# Saved entries:
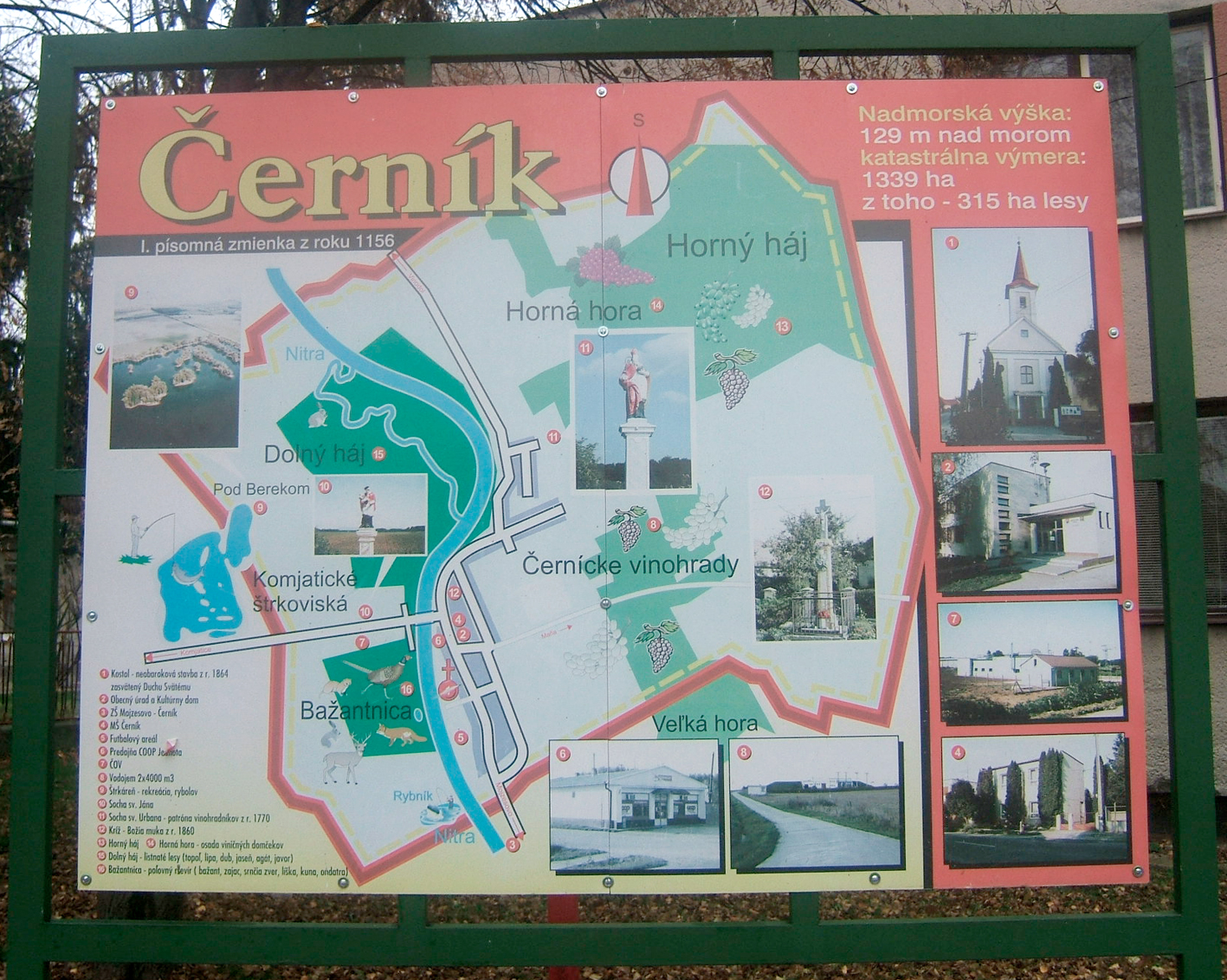 Village Černík. Map, 2009
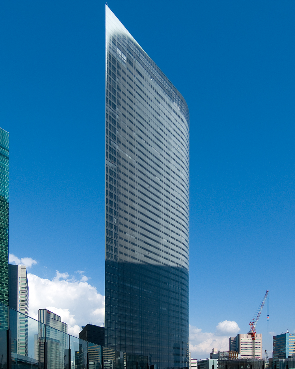 dentsu Head Office, at Shiodome Tokyo Japan, Design by Jean Nouvel and Obayashi Corporation and The Jerde Partnership International Inc in 2002.
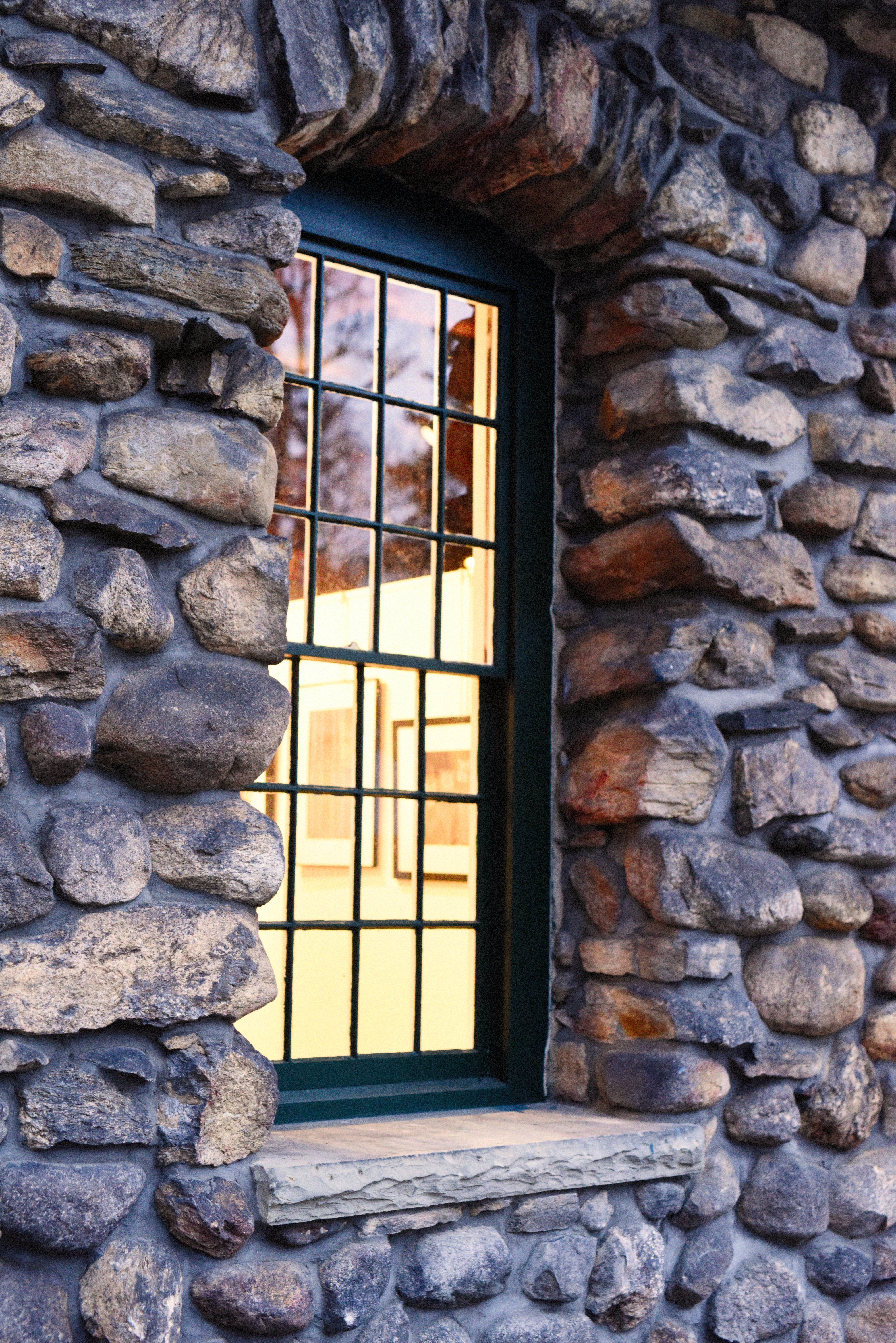 Waveny Park Entrance to the arts building.
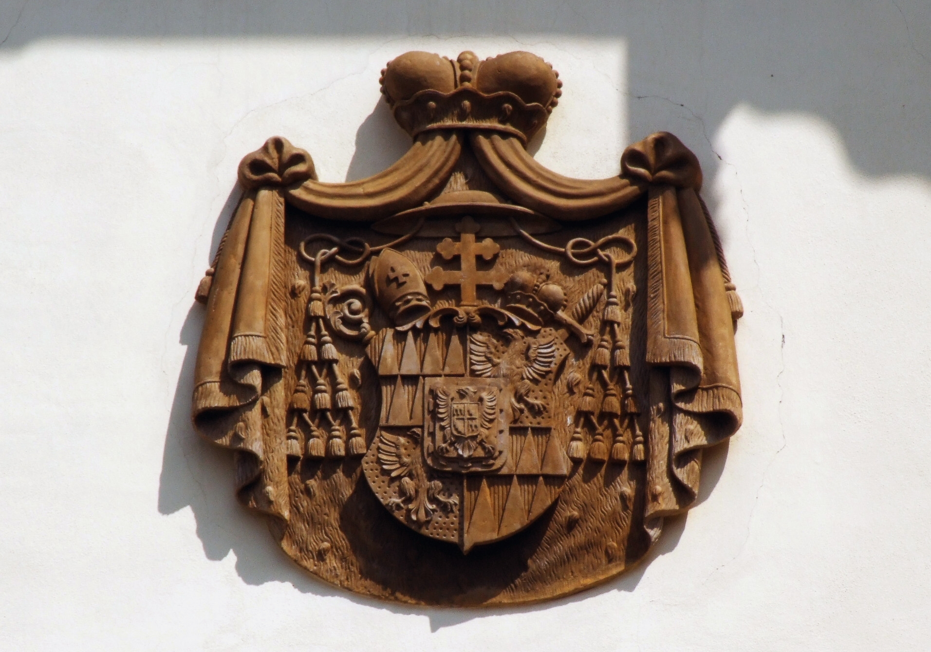 Coat of Arms of Archbishops of Olomouc - Hukvaldy (propably CoA of Friedrich Egon von Fürstenberg)
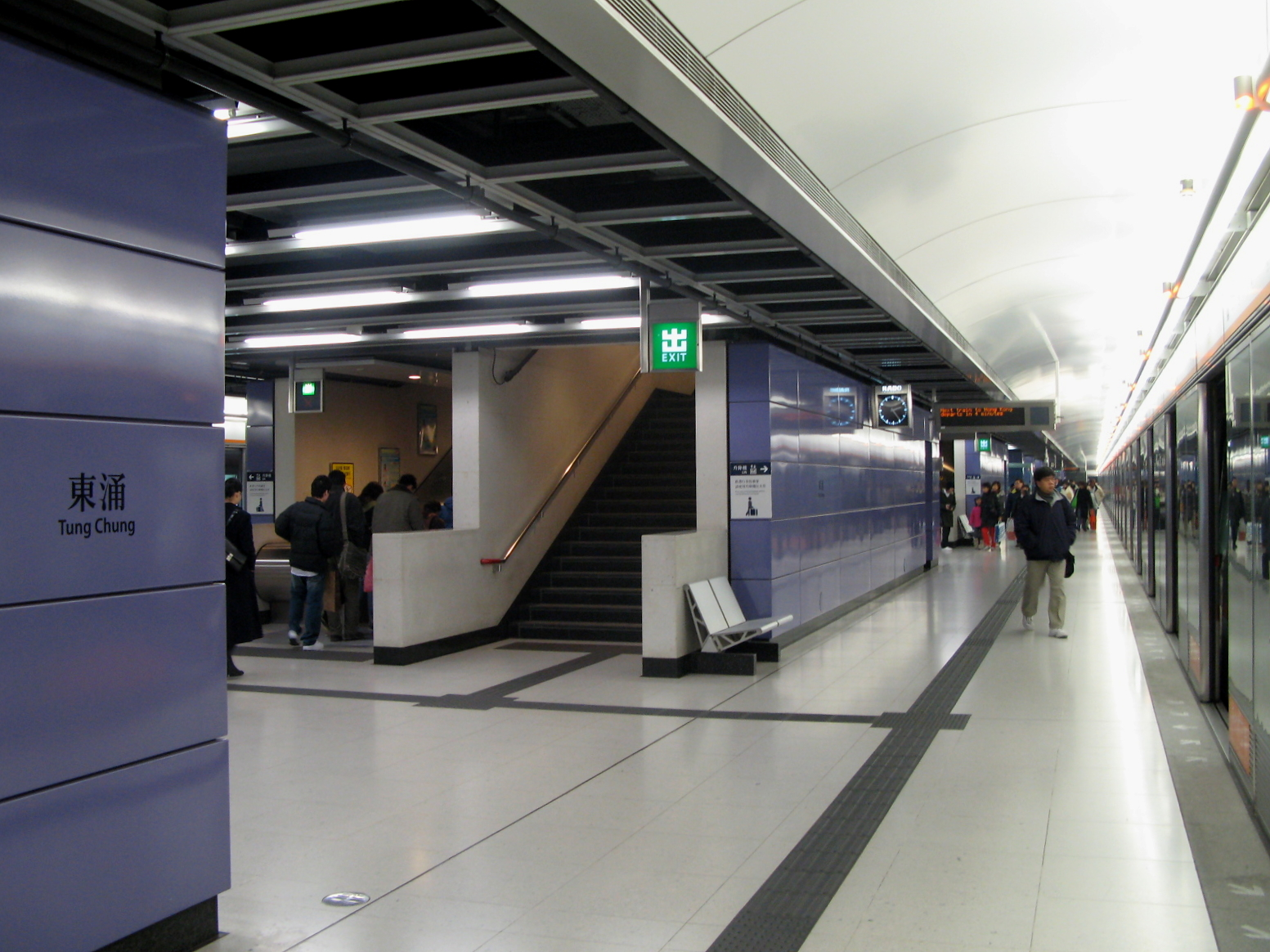 HK MTR Tong Chung Station Platform
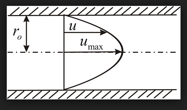 Flow pattern
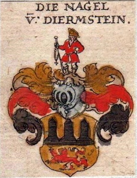 Wappen der pfälzischen Adelsfamilie "Nagel von Dirmstein"
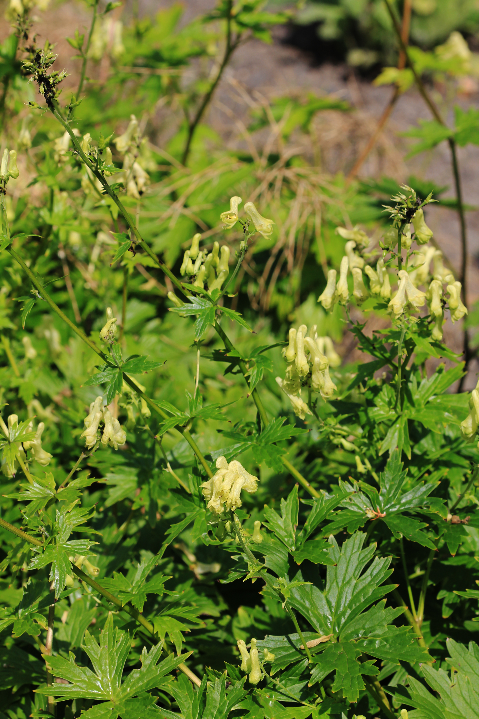 Flowering plants Aconitum lycoctonum from Botanical Garden of Charles University in Prague, Czech Republic
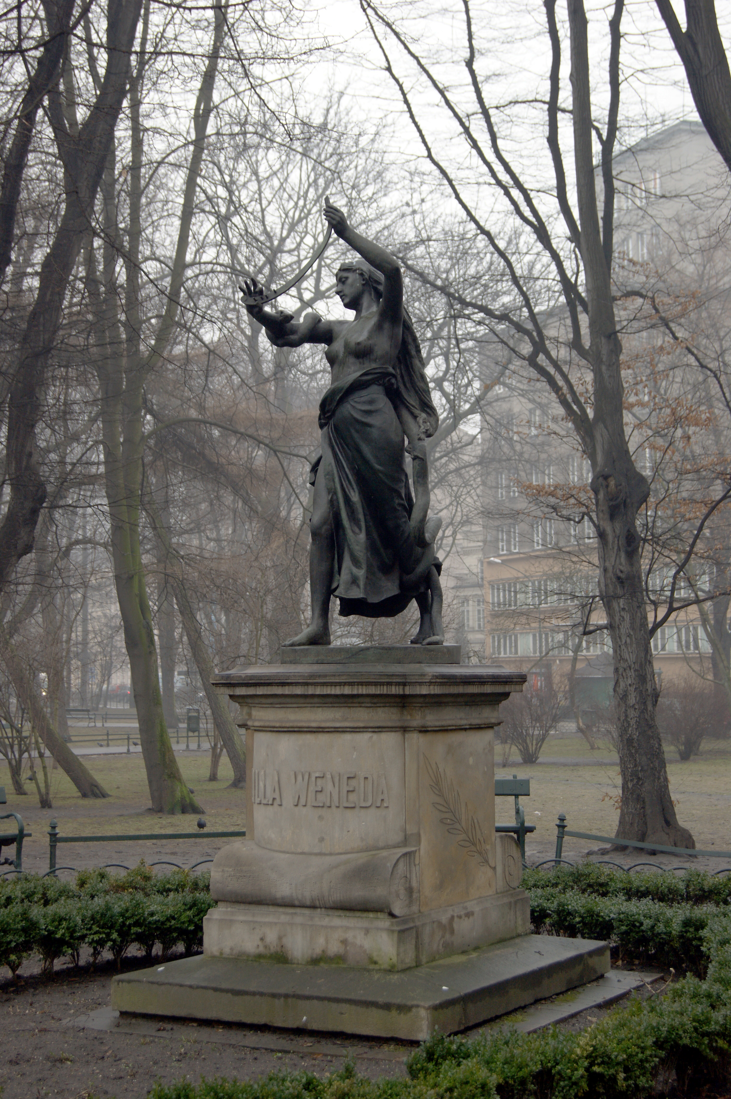 Juliusz Slowacki Memorial (Lilla Weneda monument), 1885 by sculptor Alfred Daun, Planty Garden, Old Town, Krakow, Poland
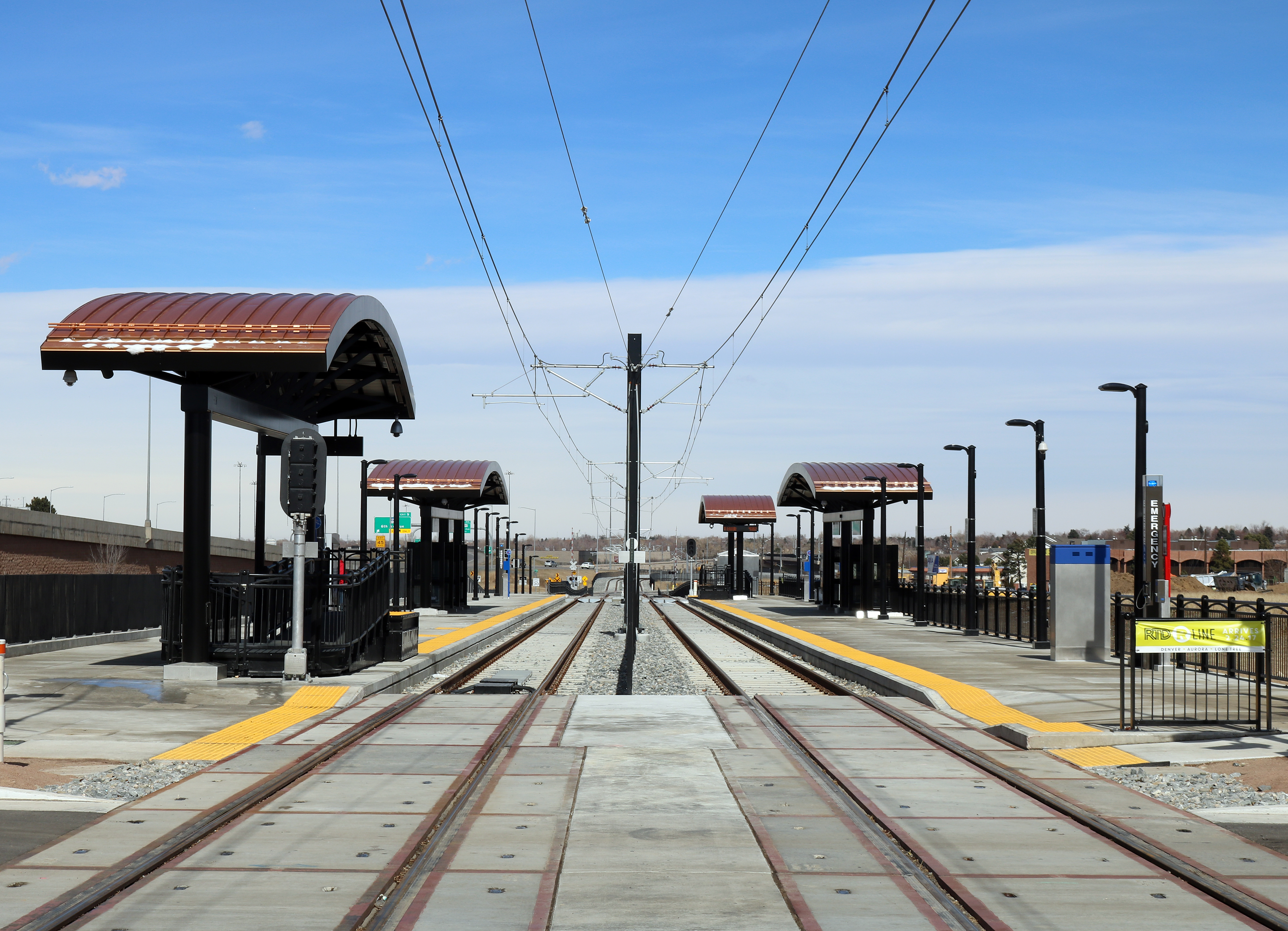 The Denver RTD 2nd Avenue & Abilene station, located at 14051 East Ellsworth Avenue in Aurora, Colorado. The station is on the RTD's R-Line.
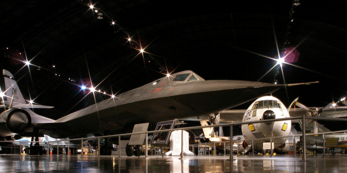 Lockheed SR-71A, National Museum of the United States Air Force, Dayton, Ohio, USA
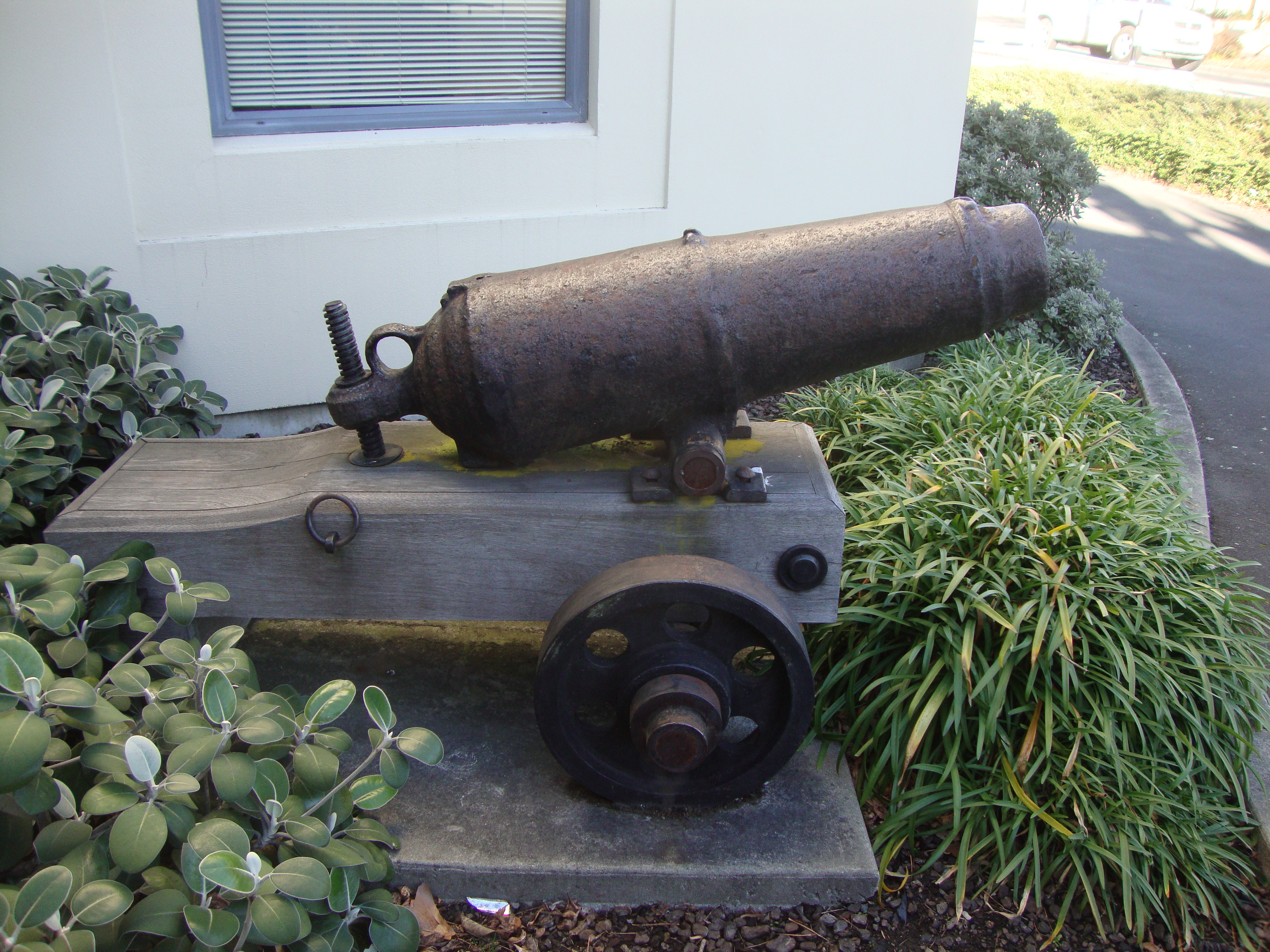 Blenkinsopp's Cannon in front of the Marlborough District Council offices.
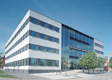 Västmanland court house in Västerås, Sweden
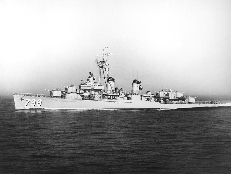 The U.S. Navy destroyer USS Monssen (DD-798) underway off Newport, Rhode Island (USA), on 17 July 1953.

# Goal of the exercise:
Above are some entries. Restate word for word the lines from the one holding "Flow pattern" through the one holding "Västmanland court house in Västerås, Sweden", but not the pictures.

# Exercise answer:
 Flow pattern
 Wappen der pfälzischen Adelsfamilie "Nagel von Dirmstein"
 Flowering plants Aconitum lycoctonum from Botanical Garden of Charles University in Prague, Czech Republic
 Juliusz Slowacki Memorial (Lilla Weneda monument), 1885 by sculptor Alfred Daun, Planty Garden, Old Town, Krakow, Poland
 The Denver RTD 2nd Avenue & Abilene station, located at 14051 East Ellsworth Avenue in Aurora, Colorado. The station is on the RTD's R-Line.
 Lockheed SR-71A, National Museum of the United States Air Force, Dayton, Ohio, USA
 Blenkinsopp's Cannon in front of the Marlborough District Council offices.
 Västmanland court house in Västerås, Sweden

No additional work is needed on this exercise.